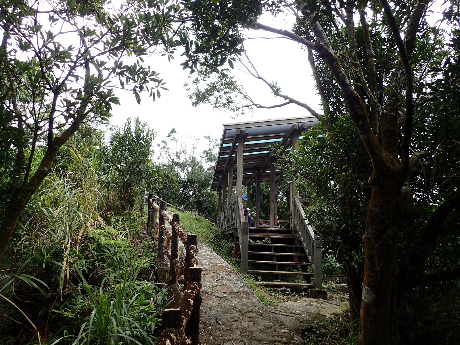 旁邊是觀景台, 從護欄躦進上涼亭, 餓了, 準備用餐
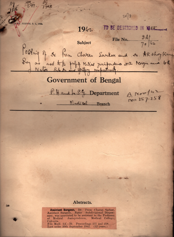 | Rack No. 09; Bundle No. 94 SL No. 7307 Admissibility separation allowance to Govt. servants when they are in the midst of their families. | Rack No. 09; Bundle No. 94 SL No. 7308 Appointment of members of the committee of the Hospital, Darjeeling | Rack No. 09; Bundle No. 94 SL No. 7309 Prasannamoyee Charitable Dispensary Fund | Rack No. 09; Bundle No. 94 SL No. 7310 Posting of Dr. Prem Charan Sarker and Dr. Akshoy Kumar Roy as Assistant to the Professor of Medical Jurisprudence at the Natore Sub-division and Dispensary | Rack No. 09; Bundle No. 94 SL No. 7311 Requisition of water transport | Rack No. 09; Bundle No. 94 SL No. 7312 Additional remuneration to the S.A.S. Dr. B.K. Bose, R.M.O Mackenzie ‘A’ ward of the Campbell Hospital, Calcutta | Rack No. 09; Bundle No. 94 SL No. 7313 Extension of tenure of appointment of Dr. A.C. Ukil, M.BM.S.P.E (Paris) Honorary Physician, Calcutta Medical College Hospital |
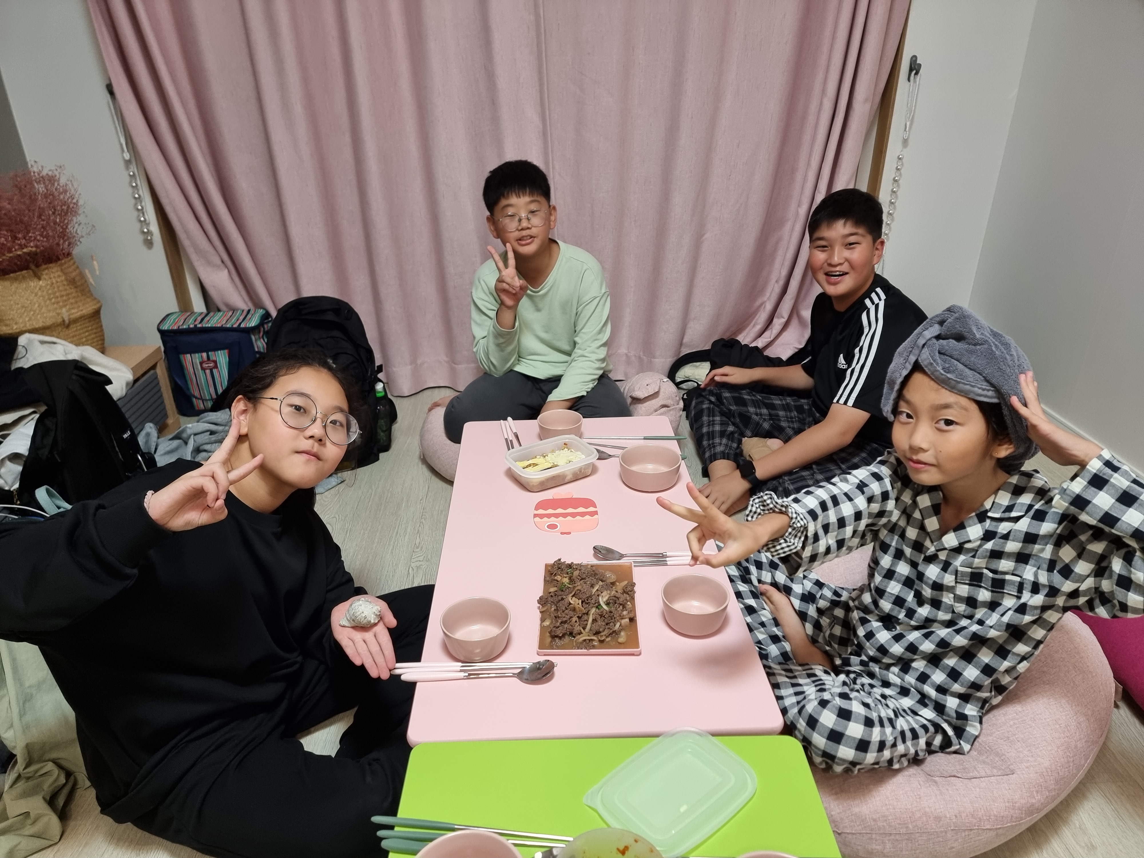 상을 닦고 정리하는 것까지 아이들이 잘했습니다.
※ ※ ※
## What to do
Copy every line of the listing above exactly. Leave each picture out.

## Solved exercise
 旁邊是觀景台, 從護欄躦進上涼亭, 餓了, 準備用餐
 | Rack No. 09; Bundle No. 94 SL No. 7307 Admissibility separation allowance to Govt. servants when they are in the midst of their families. | Rack No. 09; Bundle No. 94 SL No. 7308 Appointment of members of the committee of the Hospital, Darjeeling | Rack No. 09; Bundle No. 94 SL No. 7309 Prasannamoyee Charitable Dispensary Fund | Rack No. 09; Bundle No. 94 SL No. 7310 Posting of Dr. Prem Charan Sarker and Dr. Akshoy Kumar Roy as Assistant to the Professor of Medical Jurisprudence at the Natore Sub-division and Dispensary | Rack No. 09; Bundle No. 94 SL No. 7311 Requisition of water transport | Rack No. 09; Bundle No. 94 SL No. 7312 Additional remuneration to the S.A.S. Dr. B.K. Bose, R.M.O Mackenzie ‘A’ ward of the Campbell Hospital, Calcutta | Rack No. 09; Bundle No. 94 SL No. 7313 Extension of tenure of appointment of Dr. A.C. Ukil, M.BM.S.P.E (Paris) Honorary Physician, Calcutta Medical College Hospital |
 상을 닦고 정리하는 것까지 아이들이 잘했습니다.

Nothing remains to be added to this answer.